Task item - From the line containing "ベビーウエストベルト付 エルゴベビー ADAPTアダプト/アドミラルブルー" to the line containing "The chalet’s sleeping" in the records below, set down every line exactly as it stands, both ends included, and skip the pictures.

Input records section start

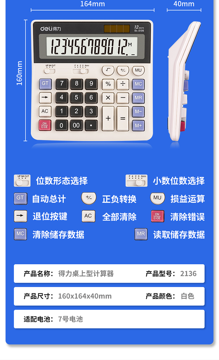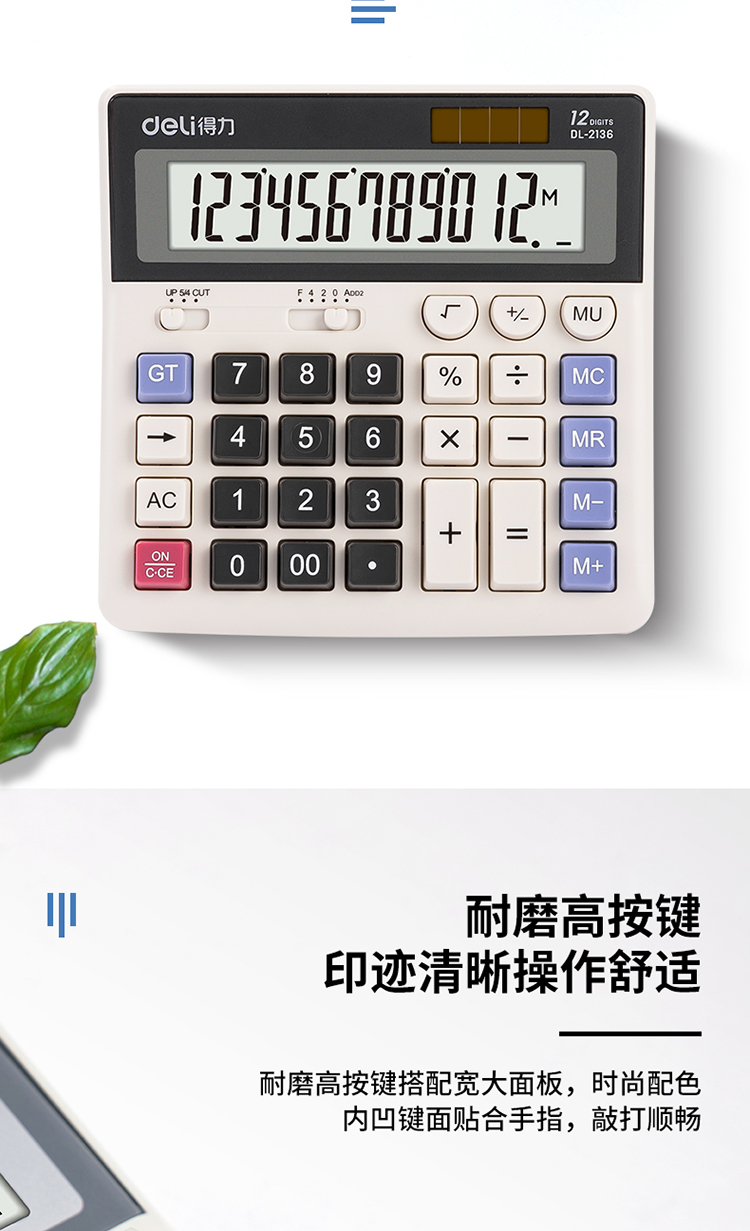 商品名称:得力2136桌面计算器(白)
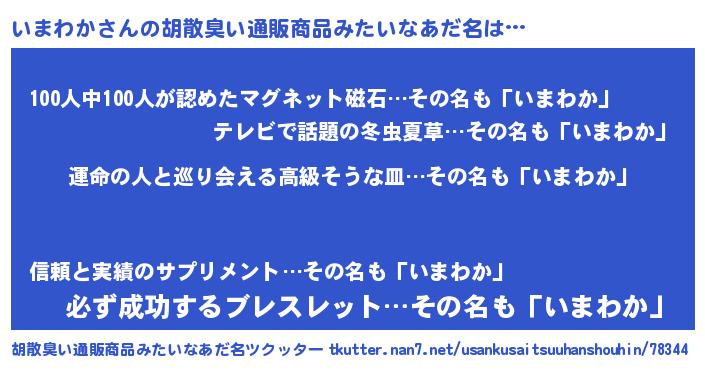 | 意味不明あだ名 | 『いまわかフォーエバー』『自称いまわか』 |
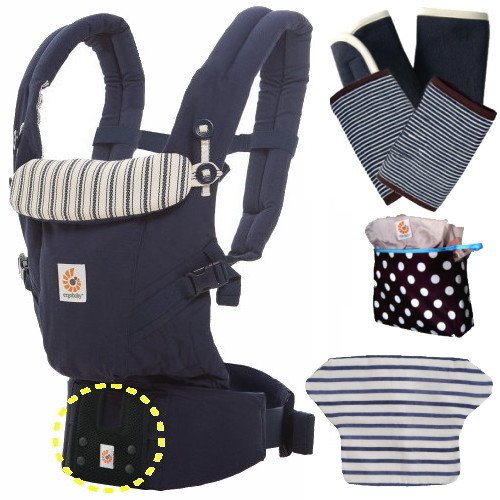 ベビーウエストベルト付 エルゴベビー ADAPTアダプト/アドミラルブルー プリントカバーセット【正規品2年間保証-SG認定】 (プリントカバー+よだれパッド+収納ポーチ付)
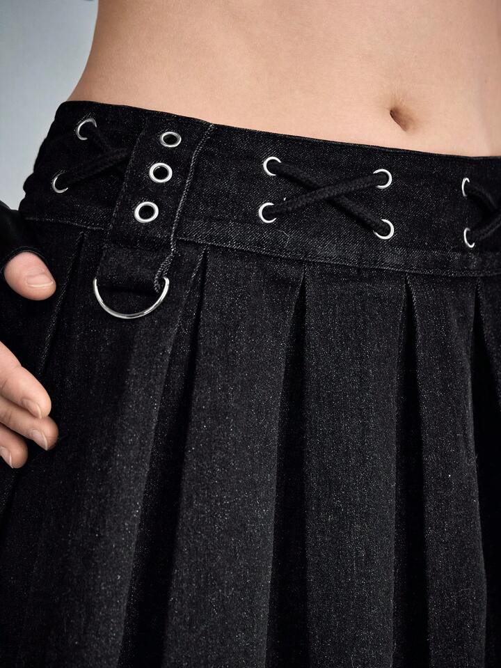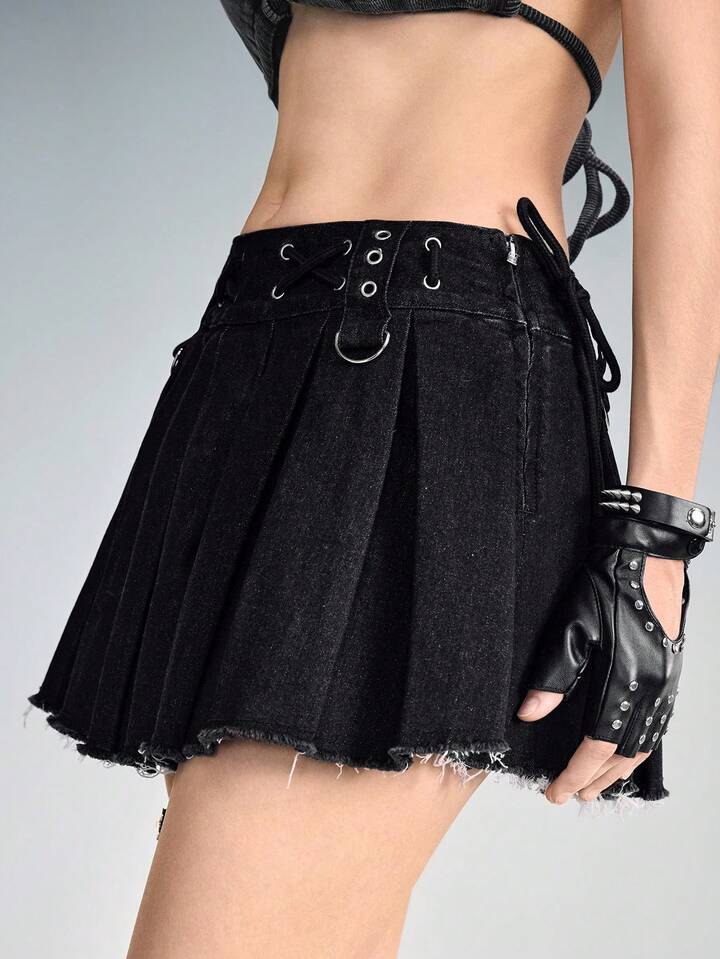 Grunge Punk Minifalda de mezclilla con pliegues, cordones y encaje vintage desgastado estilo Y2K para mujeres
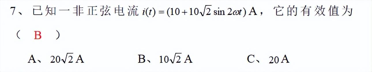 4、一个含有直流分量的非正弦波作用于线性电路,其电路响应电流中( A )
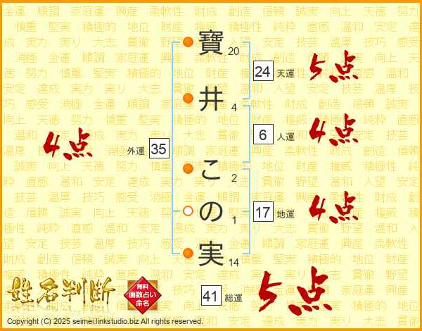 寶(20画)井(4画) こ(2画)の(1画)実(14画)
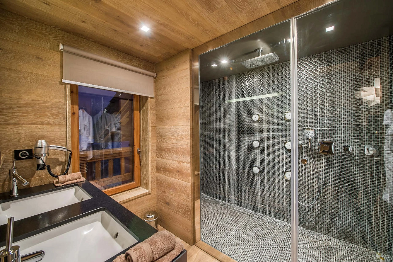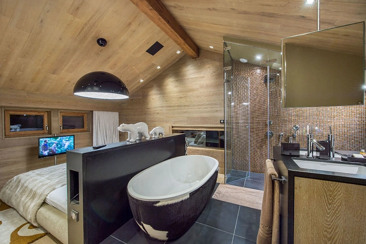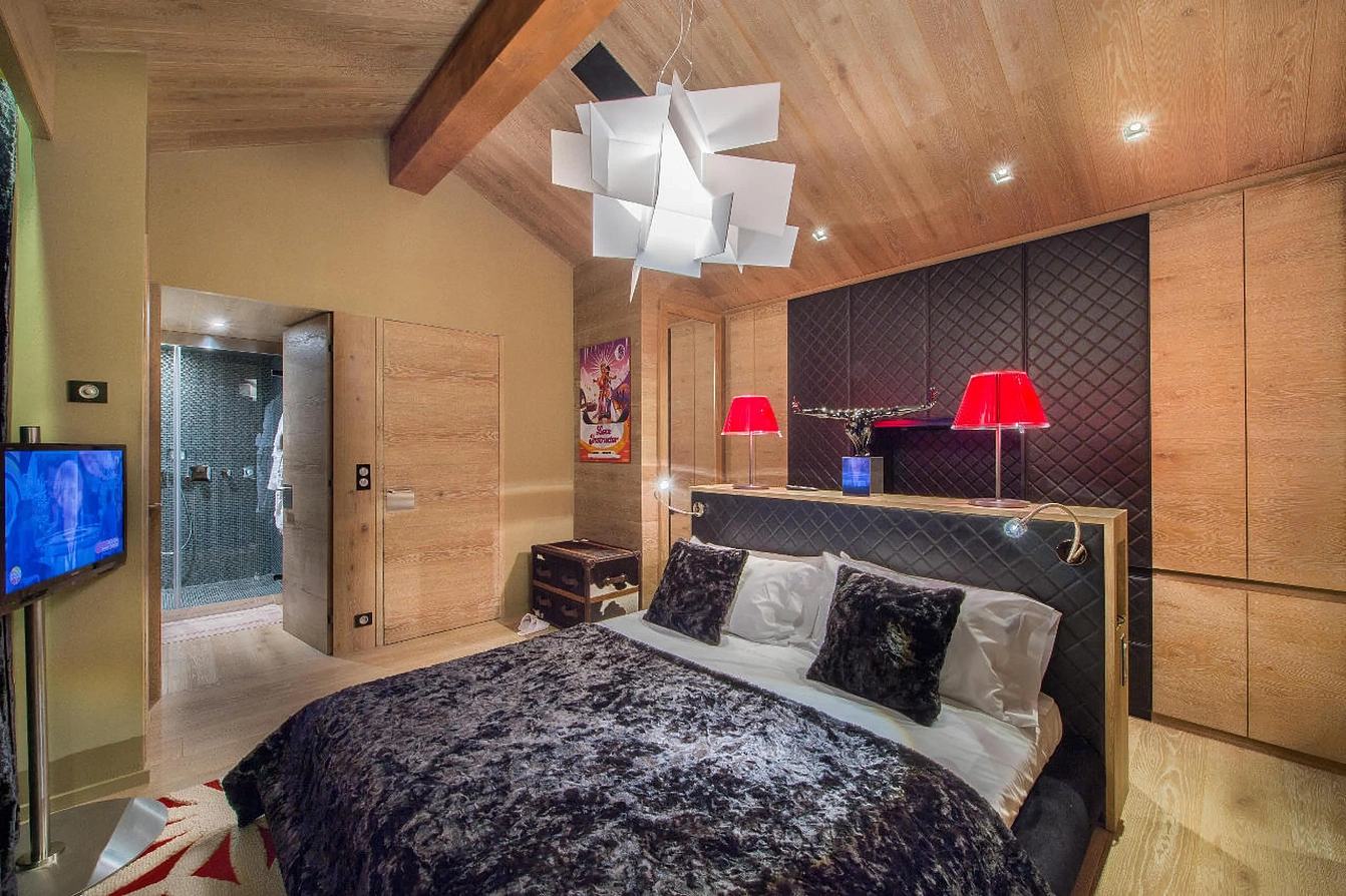 The chalet’s sleeping quarters are a study in Alpine chic. The top floor is dedicated to two magnificent master suites, each featuring king-size beds, vaulted ceilings, dressing rooms, and dedicated office areas. One boasts an open-plan bathroom with a freestanding tub, while the other offers a private balcony with commanding mountain vistas. On the ground floor, three further bedrooms—one double and two twins—provide versatile accommodation, each with its own distinctive character and en-suite bathroom, ensuring comfort and privacy for all guests.
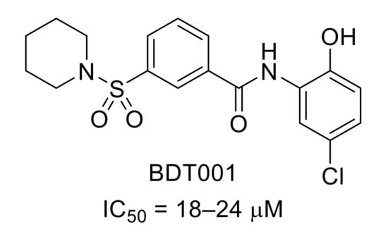 FLT3 tyrosine kinase is expressed in most hematopoietic cells. Recently, it was demonstrated that in dorsal root ganglia, FLT3 is a critical actor in peripheral neuropathic pain initiation and maintenance in mice. Using X-ray crystal structure of FLT3 bound to cytokine FMS-like tyrosine kinase 3 ligand (FL) (PDB ID: 3QS7), as well as in silico screening, hits were identified that effectively prevented extracellular FL binding to FLT3 []. This work led to the synthesis and further biological evaluation of BDT001, a noncompetitive FL-binding inhibitor that disrupted the positive cooperativity of FL binding (Figure 11). BDT001 inhibited FL-induced FLT3 phosphorylation in leukemia-derived RS4-11 cells with an IC50 of 18–24 µM. It was suggested that BDT001 is an FLT3 negative allosteric modulator. Intraperitoneal administration of BDT001 in mice suppressed FL-induced mechanical hypersensitivity and inhibited mechanical hypersensitivity in the sciatic nerve chronic constriction injury (CCI) model. However, BDT001 did not change CFA-induced inflammatory mechanical pain hypersensitivity.
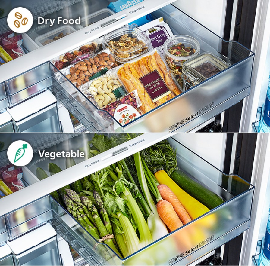 此外,R-FBF570NSC冰箱合理规划三大分区,巧妙的多样化设计,无论是冷藏室、冷冻室还是变温室,充分利用各处空间,提供科学轻松的储藏收纳,呵护不同食材臻鲜,让所有食材都能找到自己合适的栖身之地。
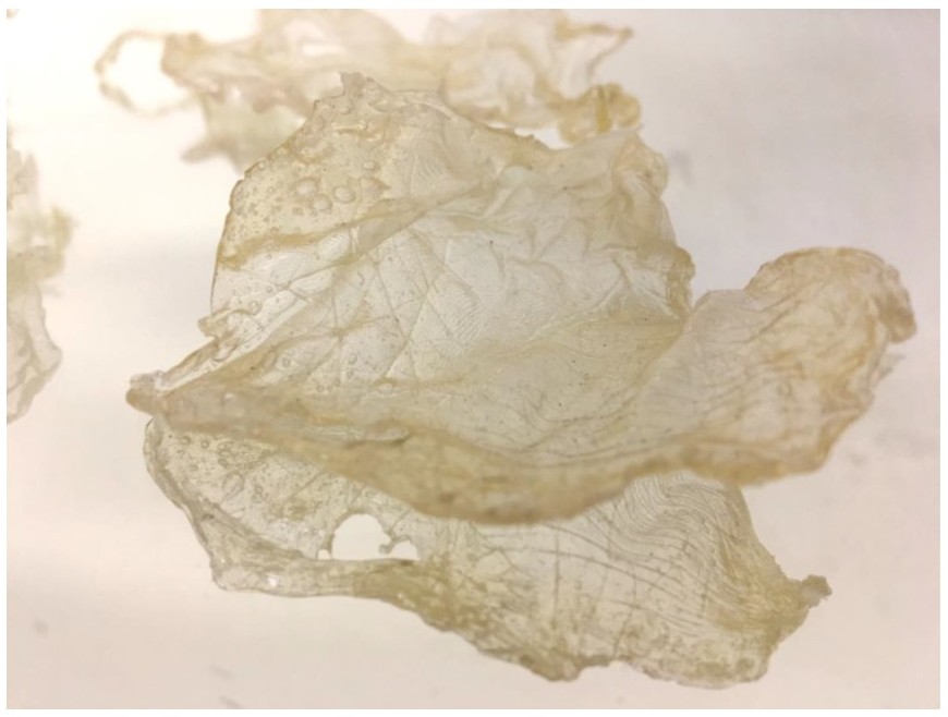 Tegument is Latin for skin or protective layer. The work explores the function of skin as both boundary, imprint, and connection between human and non-human bodies. For the exhibition, Laura Degn will create a large, unified surface of skin shaped like a curtain — made from dried gelatin, with small imprints from her own skin.
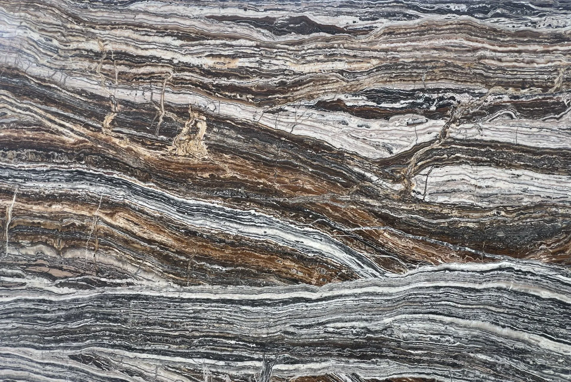 Jurassic Vein Cut Travertine is a bold and dramatic natural stone featuring rich layers of earthy tones. Its striking horizontal bands of deep brown, golden caramel, and soft beige create
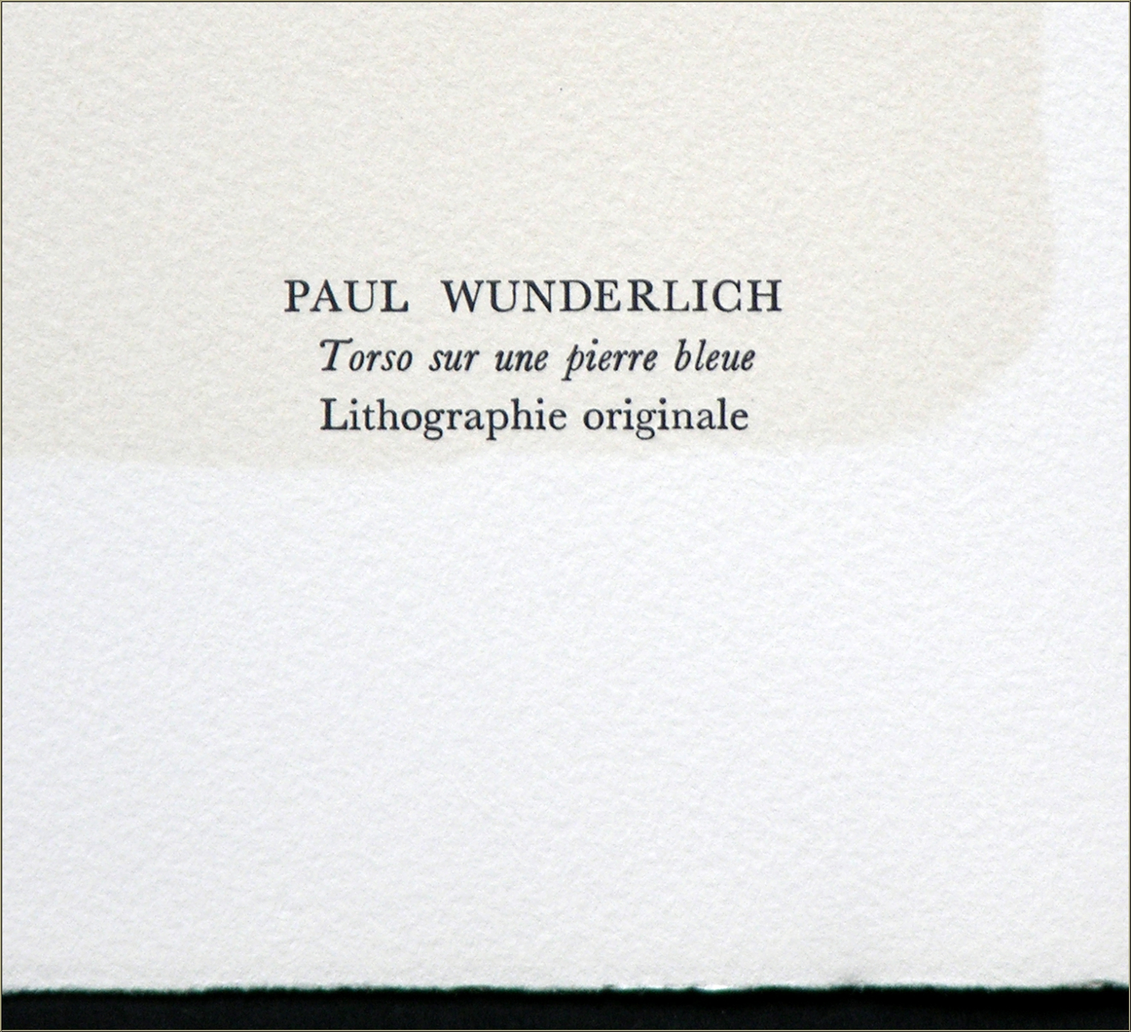 | | | | Torso sur une pierre bleue (Official title: "Kleine Familie / Small Family") Original lithograph by Paul Wunderlich for Fernand Mourlots renowned portfolio "Souvenirs et portraits d'artistes". This is N O T a mass-produced mere art print (e.g. offset or grano lithograph from a later "Limited edition") but the original lithograph from the collector's de luxe edition of the a.m. portfolio, exactly as referenced in the official catalogue raisonné. WARNING: There are currently very similar-looking prints sold on the internet, at small prices. These are unauthorized reprints (pirated copies) an NO original lithographs! | Edition: | One of 800 unsigned impressions on Arches laid paper for the "de luxe" edition, as published in 1972 | | Size: | 32,5 x 25 cm (sheet size), 22,5 x 19 cm (image size) | | Published by: | Alain C. Mazo, Paris and Léon Amiel, New York, 1972 | | Printed by: | Mourlot, Paris | | Remarks: | Text on the reverse: "Paul Wunderlich - Torso sur une pierre bleue - Lithographie originale". Title of this lithograph in the official catalogue raisonné of Wunderlich's graphic work (see below) is "Kleine Familie" ("Small family") | Documentation/ References: | Riediger, Carsten. Paul Wunderlich. Werkverzeichnis der Druckgraphik 1948-1982 [III], Edition Volker Huber, Offenbach, 1983, p. 268-269, No. 442. See also at https://mourlot.com: "Livres de Fernand Mourlot" Your print is being delivered with an abstract from the a.m. catalogue raisonné (in German). In addition, you'll receive a proof of identity (without selling price) in case this print is intended as a present. | | Condition: | Read more A flawless impression from the archives! Comes unframed. | | | | Customer Reviews: This item has not been rated, yet. Customer ratings may only be submitted by customers who have bought this item and are logged in. Your name will, of course, be displayed anonymized (e.g., "Tom H., United Kingdom").  *Applies to deliveries to Germany paid via PayPal. In case of payment by bank transfer, delivery will take 1-3 days longer from the day of your banker�s order. Delivery times for other countries and information for estimating the day of delivery can be found here |

Input records section end

Finished exercise -
 ベビーウエストベルト付 エルゴベビー ADAPTアダプト/アドミラルブルー プリントカバーセット【正規品2年間保証-SG認定】 (プリントカバー+よだれパッド+収納ポーチ付)
 Grunge Punk Minifalda de mezclilla con pliegues, cordones y encaje vintage desgastado estilo Y2K para mujeres
 4、一个含有直流分量的非正弦波作用于线性电路,其电路响应电流中( A )
 寶(20画)井(4画) こ(2画)の(1画)実(14画)
 The chalet’s sleeping quarters are a study in Alpine chic. The top floor is dedicated to two magnificent master suites, each featuring king-size beds, vaulted ceilings, dressing rooms, and dedicated office areas. One boasts an open-plan bathroom with a freestanding tub, while the other offers a private balcony with commanding mountain vistas. On the ground floor, three further bedrooms—one double and two twins—provide versatile accommodation, each with its own distinctive character and en-suite bathroom, ensuring comfort and privacy for all guests.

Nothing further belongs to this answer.